Embattled outsourcing giant Interserve, which is a major government contractor, has just four days to win shareholder support for the board’s deleveraging plan, ahead of a crucial general meeting on 15 March to resolve what the company admits is ‘a critical financial situation’, raising fears of another Carillion-style collapse
The company employs 75,000 people worldwide, including 45,000 in the UK, and has been in financial difficulty for some time, in part as a result of pressure on margin in the outsourcing business and expansion into sectors such as waste energy. It is responsible for a number of key government outpouring arrangements, including cleaning the London Underground.
Last month it outlined a plan to reduce its net debt to £275m by issuing £480m of new Interserve equity. However, this new equity will be placed with the company’s existing lenders, who will then hold 97.5%, with ordinary shareholders left with just 2.5% of the equity in the company.
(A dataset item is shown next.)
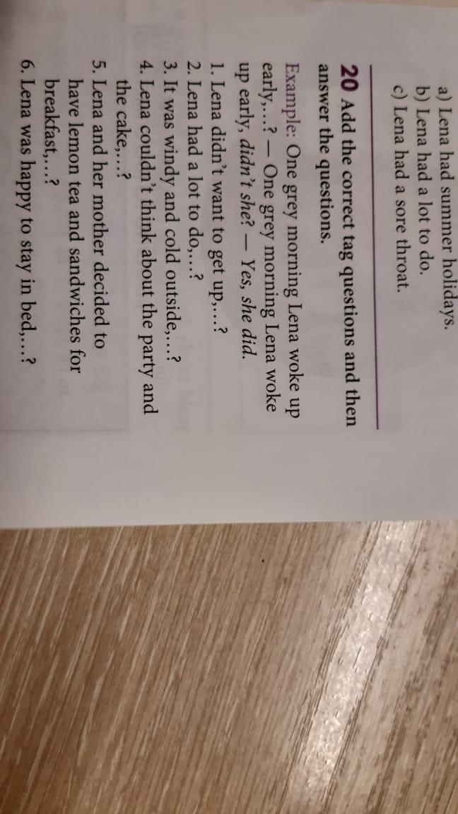 это же задании к тексту. Перед этим должен быть текст, что Лена утром рано не встала потому что заболела, ей не нравиться.....

The proposal has attracted strong opposition, notably from US hedge fund Coltrane Asset Management which has a 27.7% stake in the company. Coltrane has said it will block the board’s plan and has put forward an alternative option.
Coltrane has not made a public formal approach with its proposals, and, Interserve stated: ‘The ability to obtain lender support for a materially different deal requiring lenders to take significantly larger write offs, or provide ongoing support, in the short time frame available is therefore unknown.’
In a statement to shareholders ahead of Friday’s vote, Interserve said its deleveraging solution is ‘the only plan today that is capable of being implemented, preserving some value for shareholders.’
The statement went on: ‘It is the only plan today that is capable of implementation in order to provide balance sheet strength and cash liquidity to allow the group to meet its financial obligations and provide stability for the future.
‘The company is in a critical financial situation. The deleveraging plan is the result of months of complex intensive negotiation with lenders, bonding providers and the pension trustee.
‘Our plan preserves some value for shareholders. This will not be the case if the proposals are voted down. It is the only plan with the support of all of our lenders and the pension trustee.’
Over the weekend, Interserve chairman Glyn Barker said in media interviews that if the plan was not agreed, then the company would ‘run out of money’ and he expected the company’s lenders to call in a £66m loan which it would not be able to repay.
The company statement said: ‘If shareholders do not support our plan we have taken steps to prepare for an alternative transaction to protect the business and preserve value for our creditors, customers and our suppliers.
‘However, this is an outcome we would much prefer to avoid as it would likely result in no return for shareholders and it is more costly and disruptive to Interserve.’
Interserve is understood to have lined up EY to handle a possible administration if it fails to get sufficient support for its deleveraging plan.